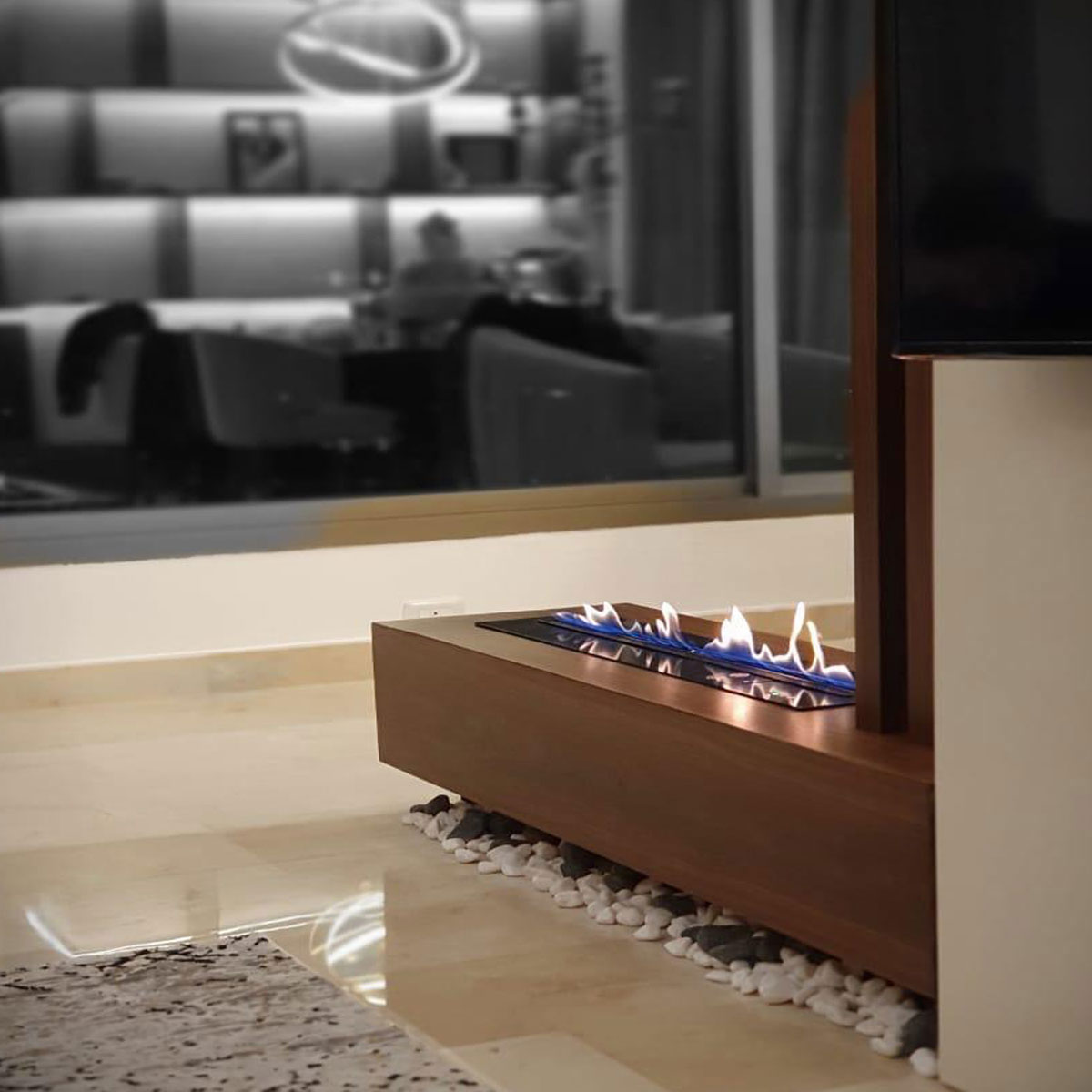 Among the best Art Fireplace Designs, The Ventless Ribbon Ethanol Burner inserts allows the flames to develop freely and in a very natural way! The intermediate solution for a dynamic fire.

--

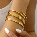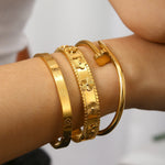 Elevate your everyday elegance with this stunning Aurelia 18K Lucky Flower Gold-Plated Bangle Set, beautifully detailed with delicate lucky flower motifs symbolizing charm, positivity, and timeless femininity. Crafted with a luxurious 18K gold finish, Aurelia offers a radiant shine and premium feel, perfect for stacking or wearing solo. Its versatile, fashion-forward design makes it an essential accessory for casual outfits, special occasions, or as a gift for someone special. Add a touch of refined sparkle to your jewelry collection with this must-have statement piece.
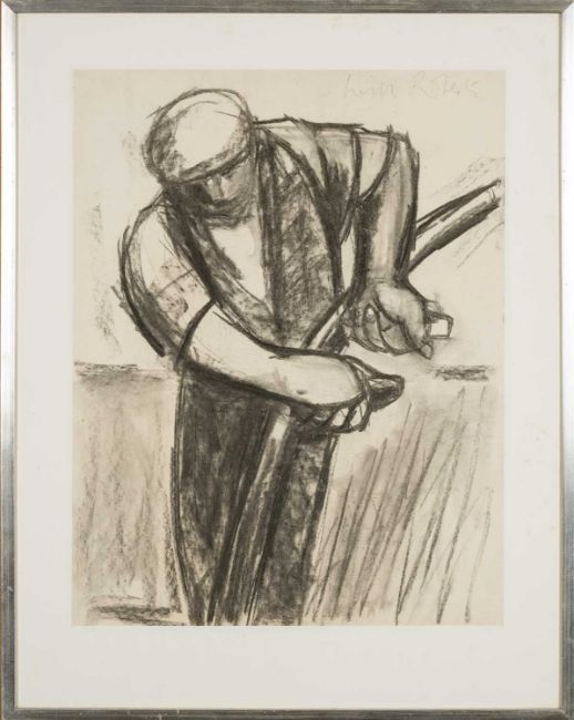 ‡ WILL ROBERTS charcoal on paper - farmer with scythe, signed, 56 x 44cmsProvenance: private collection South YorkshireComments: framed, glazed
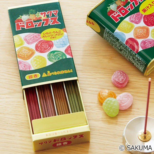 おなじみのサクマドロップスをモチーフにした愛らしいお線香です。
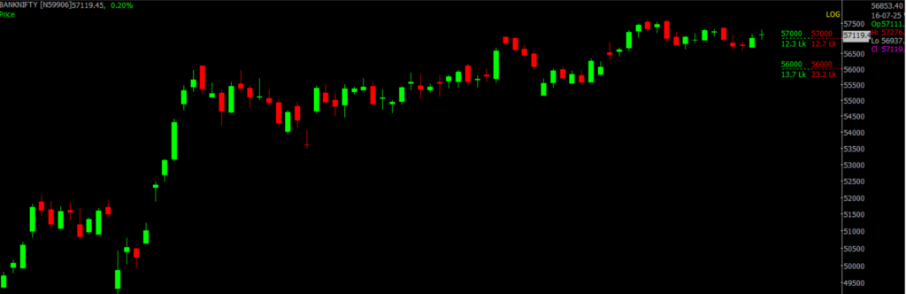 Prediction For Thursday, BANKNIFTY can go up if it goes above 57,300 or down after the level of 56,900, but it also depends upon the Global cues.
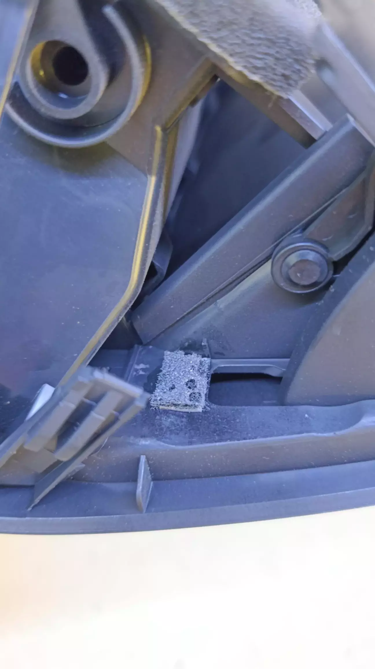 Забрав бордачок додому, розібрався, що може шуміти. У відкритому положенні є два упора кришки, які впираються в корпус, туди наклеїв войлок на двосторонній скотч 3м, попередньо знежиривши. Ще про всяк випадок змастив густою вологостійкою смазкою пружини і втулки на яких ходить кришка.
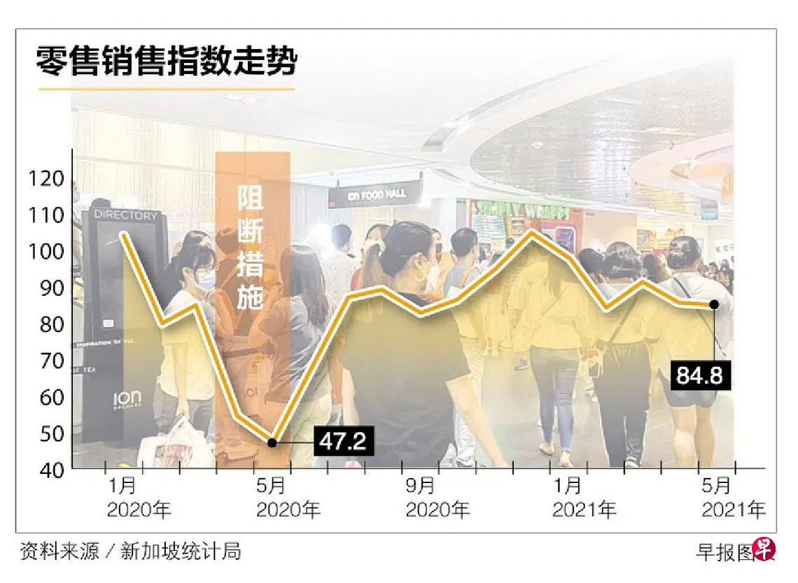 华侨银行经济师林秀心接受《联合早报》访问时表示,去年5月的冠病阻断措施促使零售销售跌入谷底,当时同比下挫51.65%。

**Exercise prompt**
Once the line with "YorkshireComments: framed, glazed" is found in the data above, reproduce it and each line after it exactly, through the line with "Забрав бордачок додому, розібрався, що". Omit the pictures.

**Exercise output**
 ‡ WILL ROBERTS charcoal on paper - farmer with scythe, signed, 56 x 44cmsProvenance: private collection South YorkshireComments: framed, glazed
 おなじみのサクマドロップスをモチーフにした愛らしいお線香です。
 Prediction For Thursday, BANKNIFTY can go up if it goes above 57,300 or down after the level of 56,900, but it also depends upon the Global cues.
 Забрав бордачок додому, розібрався, що може шуміти. У відкритому положенні є два упора кришки, які впираються в корпус, туди наклеїв войлок на двосторонній скотч 3м, попередньо знежиривши. Ще про всяк випадок змастив густою вологостійкою смазкою пружини і втулки на яких ходить кришка.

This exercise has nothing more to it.